At the conclusion of the two-day hearing the IJ found An’s testimony was not credible. Central to the IJ’s adverse credibility determination was the inconsistency between An’s statement that the North Korean woman stayed with her for “several” days, her testimony that it was 27 days, and the statements of her uncle and husband that it was “a couple” of days. In addition, the IJ identified other bases for the adverse credibility determination. Specifically, An produced a letter from her neighbor who had seen the arrest warrant, although she had testified that it had “been a while” since she had spoken to her neighbor. Also, An’s statement said she was “perceived to be a smuggler,” whereas she testified that she considered herself to be a good Samaritan. The IJ found problematic An’s explanation that the police were uninterested in her husband because [376]*376he placed all the blame on her and because of her testimony that her husband had not explained this in his statement because he was afraid it would lead to marital problems. The IJ also found An’s testimony regarding the frequency of police visits to be inconsistent. Lastly, the IJ found that An had not produced sufficient evidence to show that the Chinese government is aware of her involvement in anti-government protests in the United States.
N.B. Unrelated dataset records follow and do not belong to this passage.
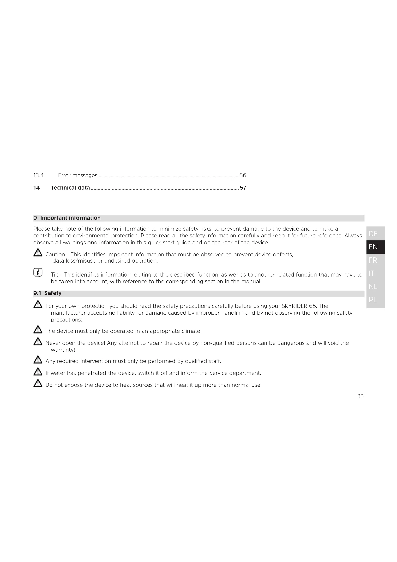 9 Important information Please take note of the following information to minimize safety risks, to prevent damage to the device and to make a contribution to environmental protection. Please read all the safety information carefully and keep it for future reference. Always observe all warnings and information in this quick start guide and on the rear of the device. Caution - This identifies important information that must be observed to prevent device defects, data loss/misuse or undesired operation. Tip - This identifies information relating to the described function, as well as to another related function that may have to be taken into account, with reference to the corresponding section in the manual.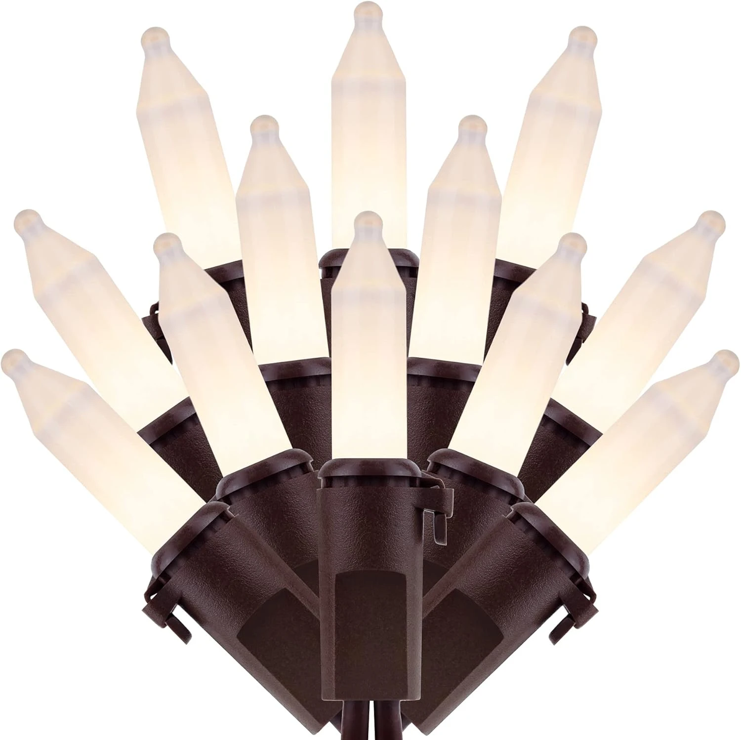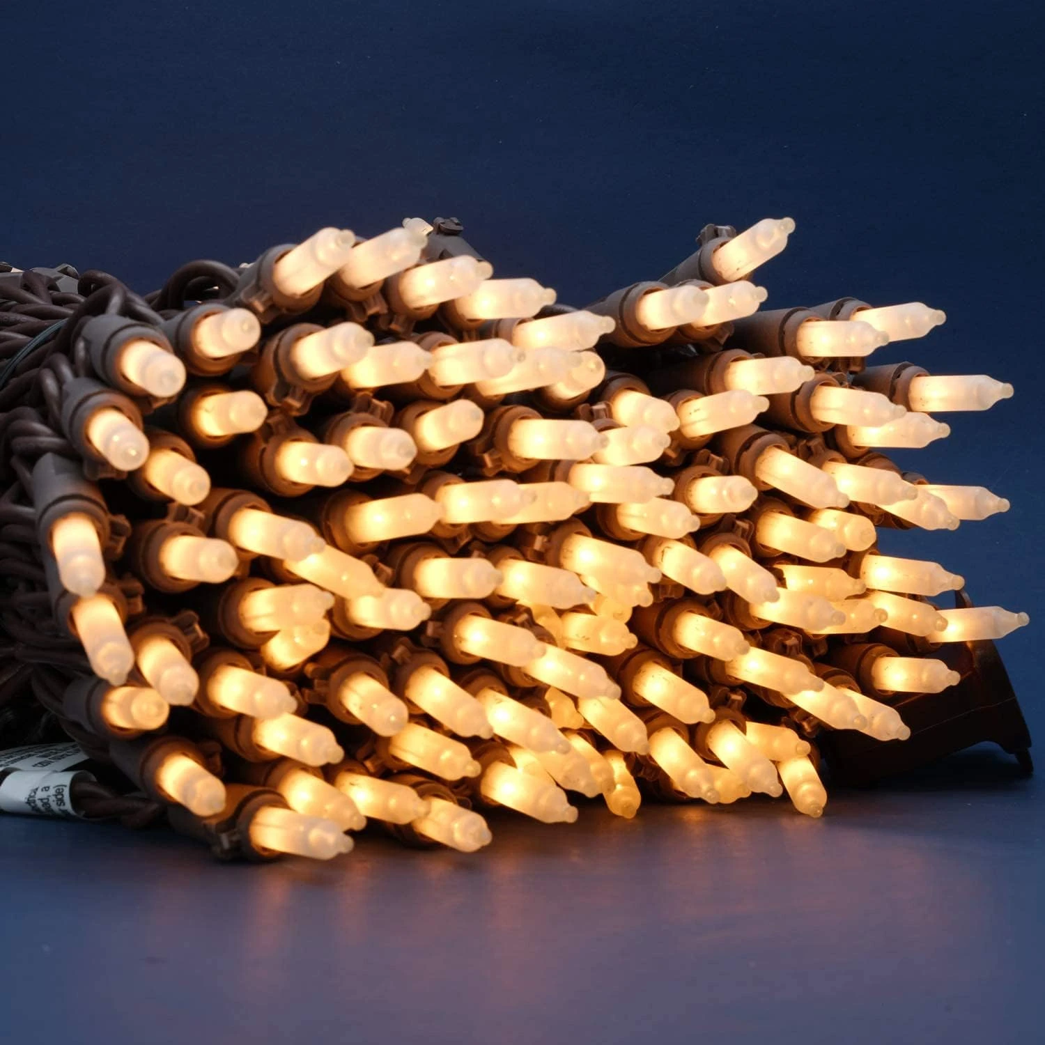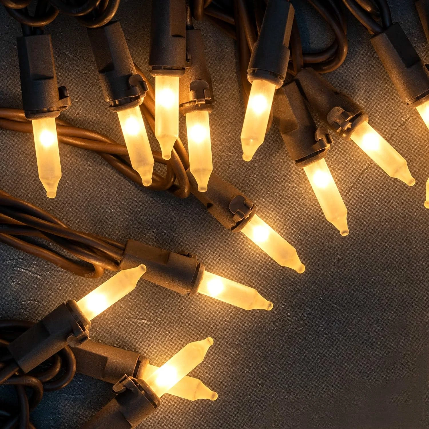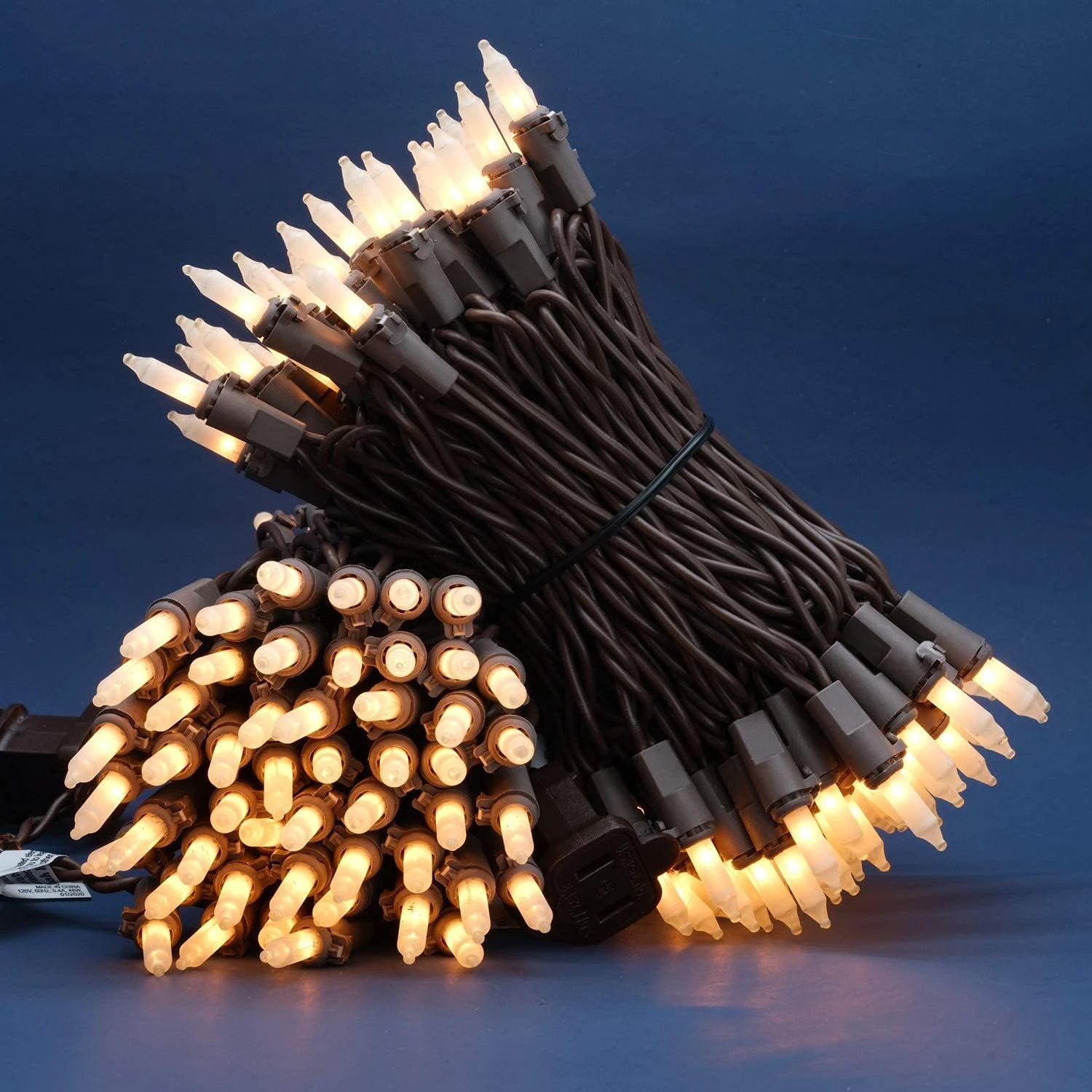 - # SPECIFICATIONS # Each package contains 2 strands of brown wire string lights, 33 feet per strand with 100 white frost lights. Total length 66 feet with 200 lights. 5 inch lead, 4 inch spacing, 5 inch tail. The green wire blends well with greenery to create a natural lighting effect. Incandescent Christmas Lights offer superior quality at affordable prices making them the ideal choice for a variety of lighting projects.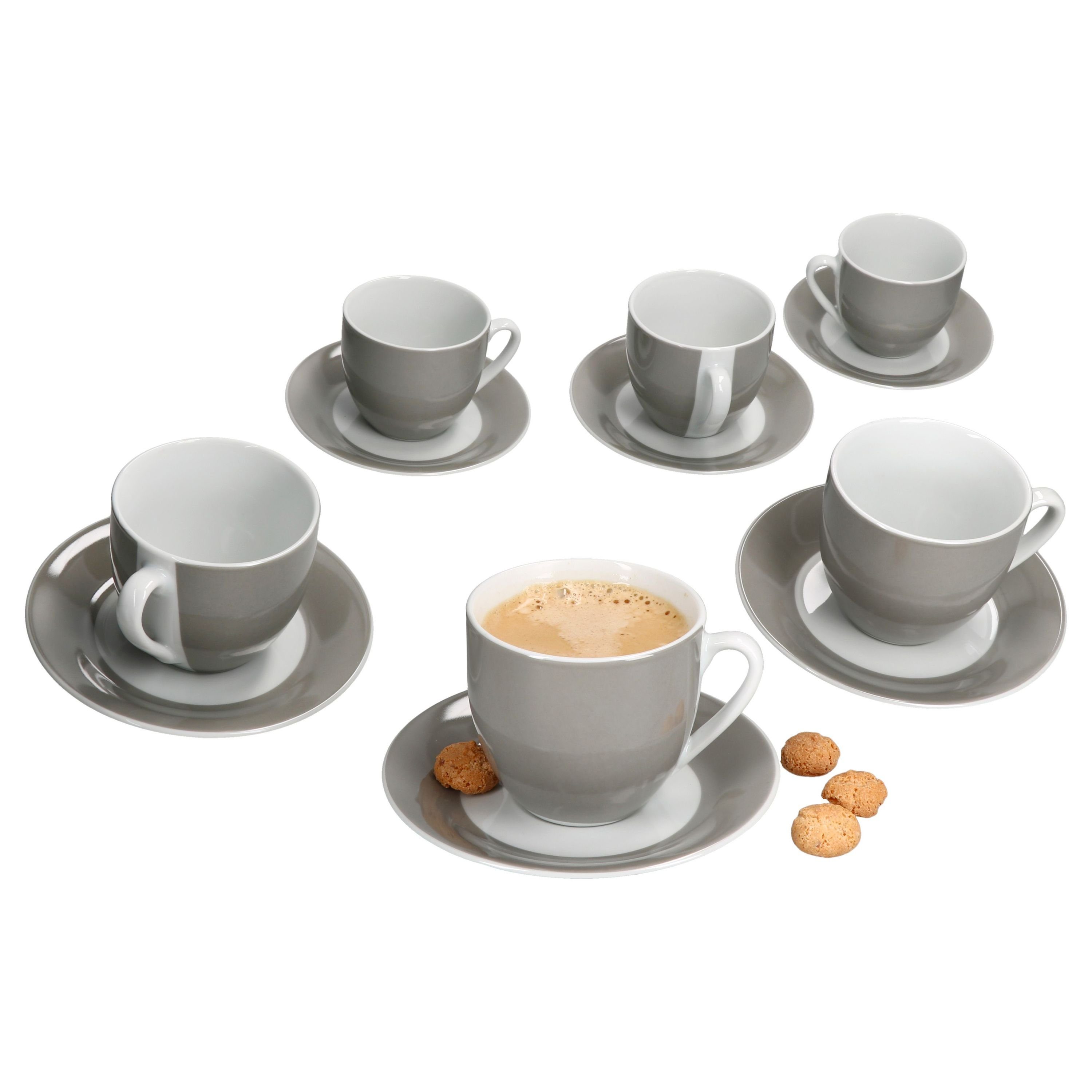 Tasse 6er Set Variant Grau Kaffeetassen mit Untertassen für 6 Personen

As a result of his adverse credibility determination, the IJ determined that An had not presented sufficient evidence to meet her burden of proving past persecution or a well-founded fear of future persecution in order to qualify for asylum. The IJ also found unsupported An’s alternate ground to support a claim of political persecution, based on her protests against the Chinese government while in the United States, because she is not identifiable in any photos in which she’s shown protesting and has not authored any articles or otherwise made herself identifiable. The IJ found that An did not present evidence that she more likely than not would face torture if she returned to China, and that she was therefore not entitled to protection under CAT.
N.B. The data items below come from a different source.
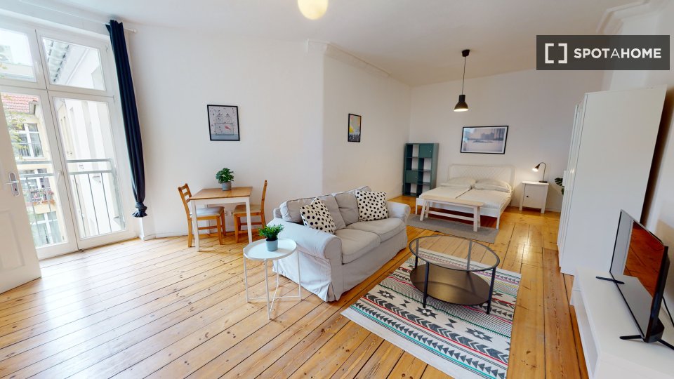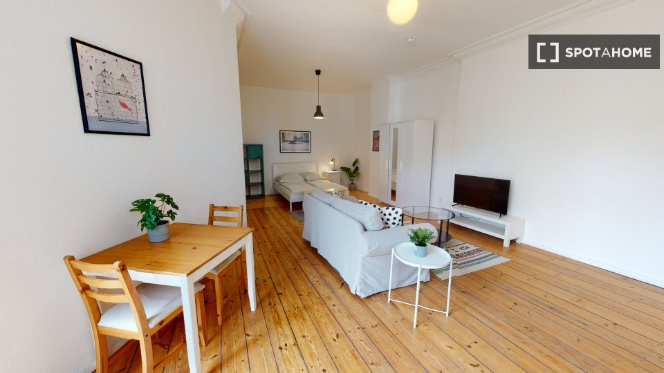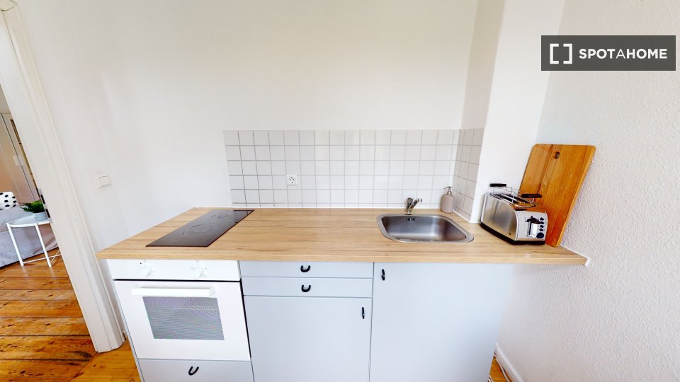 Pets not allowedNot allowedSpotahome presents a fully furnished studio in Berlin, perfect for professionals, students, or couples. All bills (water, electricity, gas, wifi) are included, offers a modern, functional, and cozy living experience. The studio is equipped with private amenities like a washing machine and an oven, and it features an equipped kitchen. Spotahome has personally verified the property, ensuring a smooth and secure renting process.
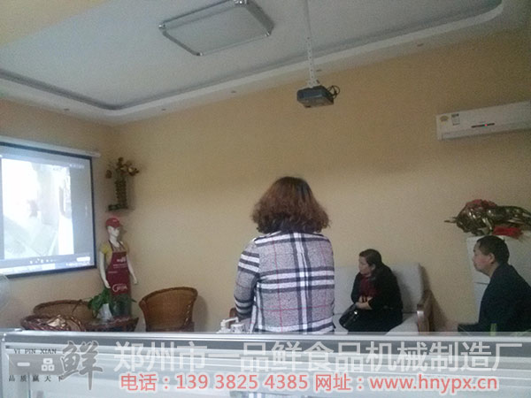 丁先生夫婦在觀看我們的餛飩片,餃子皮,拉面,拉條,燴面坯和一些加盟客戶的幻燈片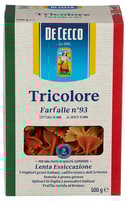 Farfalle Tricolore 500g De Cecco fra De Cecco er et produkt innen Middag, Pasta, Pastafigurer. Vekten er 500 g. Produktet inneholder følgende allergener: Gluten. Produktet leveres av OLUF LORENTZEN AS. Produktet ble første gang registrert 11.6.2023 og sist oppdatert 6.9.2023.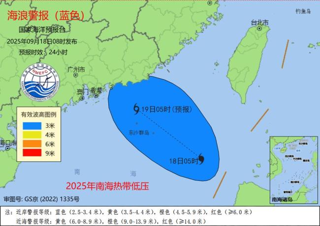 国家海洋预报台今天早上发布海浪和风暴潮双蓝色警报。预计今天上午到明天上午,南海东北部将出现3到3.8米的大浪区;广东东部近岸海域将出现2到3.3米的中浪到大浪。广东潮州到深圳沿海将出现30到80厘米的风暴增水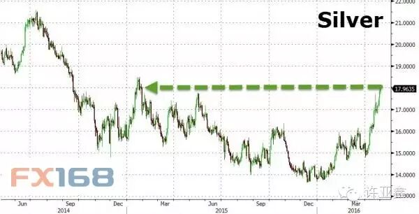 此外,现货银隔夜也一度触及去年1月来最高的18.01美元/盎司。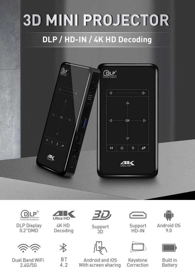 ชื่อผลิตภัณฑ์:3D โปรเจคเตอร์แอนดรอยด์9.0 DLP อัจฉริยะถอดรหัส4K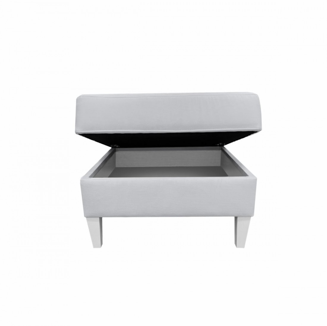 Un elegante puf en tejido lavable gris perla. La otomana también es un baúl: tiene una tapa que se abre y espacio de almacenamiento. Es un bonito mueble para la habitación, el dormitorio o el salón del niño.

On appeal, the BIA adopted the IJ’s adverse credibility determination, based on the inconsistencies cited by the IJ. The BIA specifically noted the inconsistencies as to the number of days the North Korean woman stayed in An’s home and the frequency of police visits in affirming the decision of the IJ.
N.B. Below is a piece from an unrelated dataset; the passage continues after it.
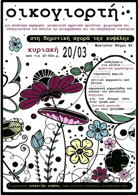 Η ΟΙΚΟΓΙΟΡΤΗ διοργανώνεται με στόχο να αναδείξει τις ιδέες και τις πρακτικές ενος αυτοοργανωμένου, αλληλέγγυου και βιώσιμου κόσμου, που βασίζεται στην αυτάρκεια και τη συνεργασία. Ενός κόσμου, που σέβεται τη φύση του, και προσδιορίζει τις ανάγκες του μέσα στα όρια που καθορίζονται από το φυσικό και το κοινωνικό περιβάλλον .Σε αυτό το πλαίσιο, οι ατομικές και συλλογικές πρωτοβουλίες συναντιούνται σε μια ολοήμερη γιορτή στις 20 Μαρτίου στην Δημοτική Αγορά της Κυψέλης (Φωκίωνος Νεγρη 42), με σκοπό να προωθήσουν τη δημιουργία δομών αλληλέγγυας οικονομίας και την ανταλλαγή γνώσεων και πρακτικών δεξιοτήτων που αφορούν στην κάλυψη των βασικών μας αναγκών, για ένα μεγαλύτερο βαθμό αυτάρκειας στην καθημερινή μας ζωή. Η γιορτή θα περιλαμβάνει έκθεση και πώληση προϊόντων, ενημερωτικές συζητήσεις, δραστηριότητες για παιδιά,συναυλίες και πρακτικά εργαστήρια, μέσα από τα οποία, χειροτέχνες και μεταποιητές θα μοιράζονται τις γνώσεις και τις δεξιότητες τους.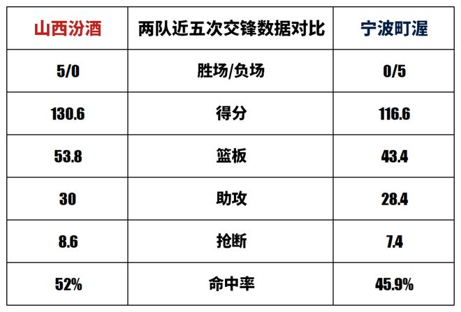 山西汾酒與寧波町渥歷史上一共交手9次,山西汾酒8勝1負(fù)。上賽季兩隊(duì)交手2次,山西汾酒2勝0負(fù);本賽季兩隊(duì)交手1次,山西汾酒1勝0負(fù)。

An timely petitioned for review. We have jurisdiction pursuant to 8 U.S.C. § 1252(a).

II. DISCUSSION

In order to be granted asylum, An must show that she cannot return to China “because of persecution or a well-founded fear of persecution on account of race, religion, nationality, membership in a particular social group, or political opinion.” 8 U.S.C. § 1101 (a)(42)(A); Shardar v. Ashcroft, 382 F.3d 318, 323 (3d Cir.2004). An applicant may establish such a fear by showing past persecution, Kibinda v. Atty. Gen., 477 F.3d 113, 119 (3d Cir.2007), or by showing a subjective fear of future persecution and an objectively reasonable possibility of suffering such persecution. Chukwu v. Att’y Gen., 484 F.3d 185, 188 (3d Cir.2007). To show eligibility for withholding of removal, An must demonstrate a clear probability that her life or freedom would be threatened on account of one of the protected grounds. 8 C.F.R. § 1208.16(b); Chen v. Gonzales, 434 F.3d 212, 216 (3d Cir.2005). An applicant who fails to prove eligibility for asylum “perforce fails to show entitlement to withholding of removal.” See Chukwu, 484 F.3d at 188-89 (3d Cir.2007).1

We review the decision of the Board of Immigration appeals. See Li v. Att’y Gen., 400 F.3d 157, 162 (3d Cir.2005).